Such many types of content analysis is due to the ambiguity of the criteria, characteristics or elements of the content, in relation to which the counting procedure is applied, since these can be individual words, phrases, sentences, paragraphs, texts [23].

With the help of a frequency analysis of the lexical composition of the text, it is possible to determine the theme of the work, to identify specific lexemes inherent in the text, to establish the style of the text, to highlight the genres of the text, etc. Depending on the frequency of significant words in the text, one can judge the semantic dominants of the text, and by the most frequent words it is possible to determine the semantic accents of the text.

The generalized algorithm of content analysis based on the scheme from [19] is as follows: Step 1. Preparation of the research program 1. Formation of the goal, objectives, hypothesis of the study. 2. Selection of the time interval, selection of the source of analysis, selection of categories and indicators of evaluation and compilation of the dictionary. 3. Systematization of information on the problematic feature of determining the sample size. Step 2. Collection of information 1. Correlation of categories and subcategories of content analysis with specific content in the text. 2. Encoding information, recording the frequency and volume of mentions of categories and subcategories of content analysis.
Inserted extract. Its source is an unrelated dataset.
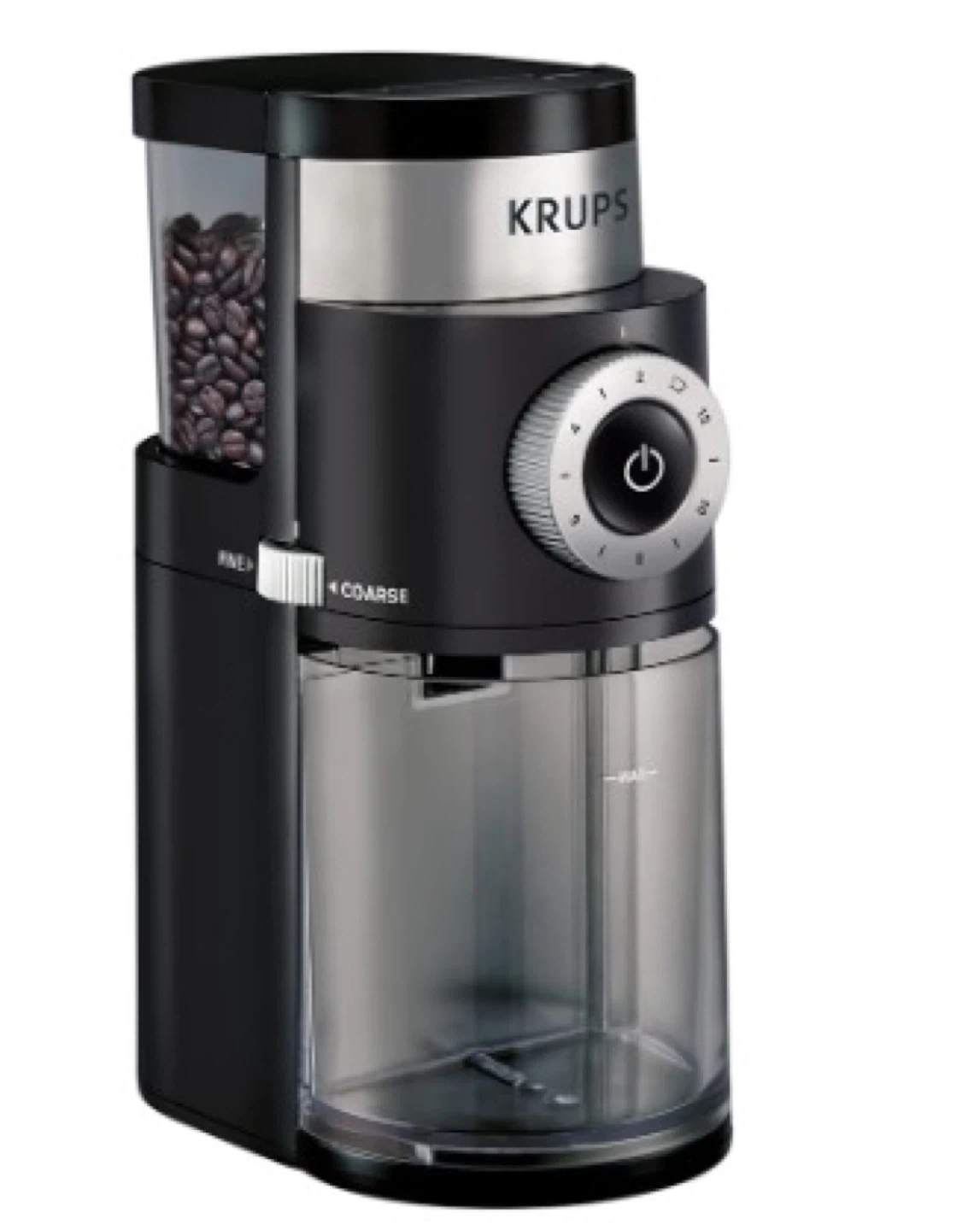 I'm selling a Krups coffee grinder. It features a flat disc burr for consistent grinding and offers 12 settings from fine to coarse grinding. It also has a selector to set the amount of beans to grind. Great for coffee lovers! I used it only once.

Step 3. Analysis of the results obtained 1. Statistical processing of the obtained quantitative data. 2. Interpretation and visualization of the obtained data based on the obtained tasks.

It should be noted that a simple frequency count is not an exhaustive or sufficient criterion in determining the meaning of text documents. Also, another problem is the comparison of texts of different lengths, since it is necessary to compare not simple frequencies, but conditional ones, i.e., shares that constitute a certain category in the first and second text.

Algorithm of content analysis according to [24]: 1. Compilation of a table of content analysis (category + unit of analysis). 2. Calculation of the frequency of use of keywords in messages (encoding matrix). 3. Calculation of the share of keyword usage in messages (encoding matrix). 4. Context consideration. • Opinion of arbitrators (coders). • Consideration of the topic (a certain combination of words or concepts, embodied, for example, in a phrase). 5. Is the mention given in a positive or negative sense? • The Q-sort method. 6. Janis’s formula.

According to this algorithm, the same category can be expressed by different units of analysis: word, topic, paragraph, judgment, hero, social, message as a whole (book, letter, speech, newspaper). That is, it can be concluded that a significant problem is the choice of the assessment itself, in what exactly it is necessary to evaluate in words, sentences, in percentage content, etc.

An integral part of content analysis is contextual analysis. The main essence of contextual analysis is that not the entire text is analyzed, but only a certain sample of the object of analysis from it, which is the context of the use of a certain characteristic [20]. It should be noted that there are many ways to set the context. Contextual analysis will allow you to evaluate not only for individual categories of the analyzed text, but also for interrelations.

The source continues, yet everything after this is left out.